Совершенно ничего не понимая, как же это возможно, что бы оба мои
воспоминания были правдой, я совершенно запутался и застыл, словно столб,
стоя на бульваре потому что совершенно не укладывалось в моей голове никоим
образом, ибо могло быть правдой что-то одно, а другого быть не могло, а два
сразу быть не может. И только записная книжка кричала мне о своей правоте. Тем
временем мимо меня текла живая река из прогуливающихся, и даже некоторые из
них оборачивались и смотрели на меня так, словно я был камнем, запрудившим
небольшой ручей и нарушивший его строгое и устоявшееся за много лет течение,
а некоторые даже задевали меня локтем, оттого что стоял я
в потоке человеческом и не двигался, мешая идти другим, и были
вынужденны они обходить меня и даже высказывать недовольство свое.

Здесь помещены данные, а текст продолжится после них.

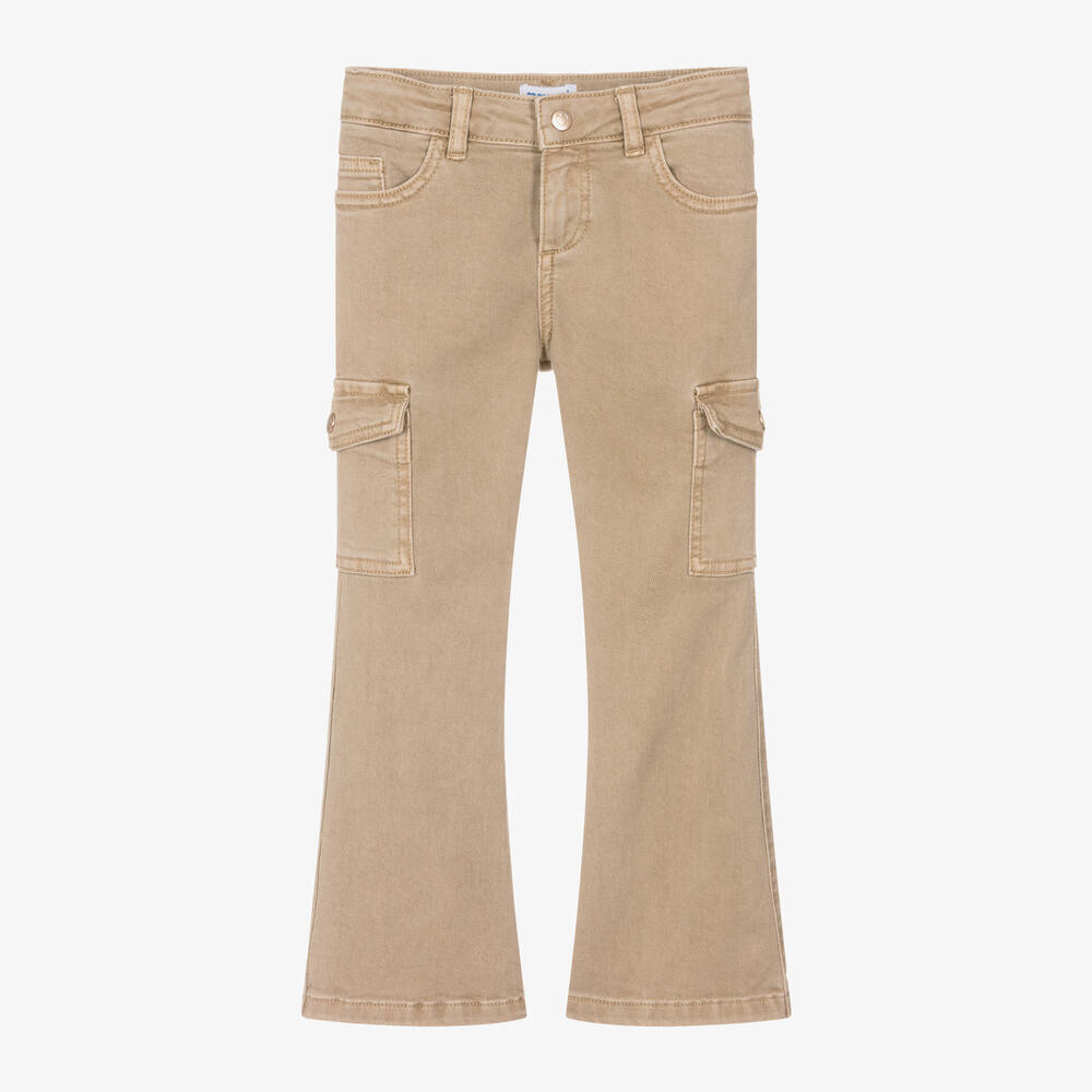 Stylish beige jeans for girls by Mayoral, with a flared leg and cargo-style pockets for a cool, retro look. A classic five-pocket design, they are made in stretchy denim for comfort. They fasten with a zip and popper and have an adjustable waist for a great fit. There is a logo jacron on the back waist and the gold-tone poppers and studs are branded with hearts.

А я все стоял, и не мог понять, как же это возможно, что бы было и то, и
другое правдой, и смотрел я в открытую карту Европы, словно пытался
найти там ответ, но вместо ответа лишь вновь почувствовал я тупую боль
от страшного удара в голову, настолько отчетливо, будто меня ударили
вновь, и в ушах моих раздался оглушительный грохот от выстрела, в нос
ударил запах моей палаты, и отчетливо почуствовал я прикосновение к
плечу своему Александром Федоровичем, словно он только что сделал
это.

И от этого всего стало мне вдруг неожиданно очень страшно, оттого что понял вдруг
я, что словно прикоснулся я к чему-то, чего нельзя трогать и это что-то находится за
рамками понимания человека. И от этого страх вдруг стал большим и особенным, и
прочувствовал я его всем телом. И был он старым, настолько, что разбудить его
стоит огромных усилий, и передавался он только по наследству от родителей к их
детям, и был это настолько страшный страх, что страшнее его страха не было, ибо
был он огромным и пожирал все вокруг себя и что ничто не могло остановить этот
страх.

И тут неожиданно услышал я голос в своей голове, который уже слышал в
своих снах, и голос этот сказал, громко и отчетливо, чтобы не думал я о том, что
никак не мог понять, что же было на самом деле, а чего небыло, что все
случившееся со мной было правдою, но правда и то, что ничего этого со мной не
случалось, и что прошлое подвижно, и будущее подвижно, и могут они принимать
любые формы и что важно лишь то, что происходит сейчас,
0в эту секунду, в которой прошлое срастается с будущим, и даже если было
два прошлых, то они все равно срастутся с будущим в эту секунду. И от всего этого
стало мне нехватать воздуха и стало мне вдруг дурно, и члены мои стали
непослушны мне, да так, что тотчас присел я на ноги и что вздохнуть небыло сил
вовсе, и потемнело в глазах моих резко и начал я словно резко проваливаться
куда-то вниз, чему пытался я противится. А голос этот все не пропадал и
продолжал говорить мне, что у времени не может быть свободных концов, что оно
непрерывно, и что образовавшиеся два конца прошлого должны прямо сейчас
срастись с настоящим и что инициация вариантности произойдет прямо сейчас.
Мне же становилось все дурнее, пока наконец я окончательно не провалился
куда-то вниз.

И открыв глаза, увидел я, что стою у двух дорог, ведущих в разные стороны и
подле каждой стояли такие же экраны, как и в синематографе, и на одном экране
показывали то, как кто-то ехал в трамвае у окна поздей ночью, и на лице его
небыло ничего, кроме задумчивости, а на другом — что этот же человек выходил
из трамвая и с улыбкой шел к себе домой. И смотрел я на это все, и вдруг
признал себя там, на экране, и понял я, что сейчас мне надо выбрать одну из
дорог и пойти по ней. И едва я понял это, как на душе моей вдруг стало спокойно
и глядя на экраны, решил я пойти той дорогой, по которой я выходил на нужной
остановке и едва я ступил на эту дорогу, как вновь меня потянуло, но уже вверх и
вновь голова моя зазвенела и открыв глаза, обнаружил я себя снова на бульваре,
но уже лежащим и голова моя сильно звенела и кружилась, а возле меня сидела
какая-то барышня и заботливо прикладывала к моему носу надушенный платок,
пытаясь остановить текущую из моего носа кровь.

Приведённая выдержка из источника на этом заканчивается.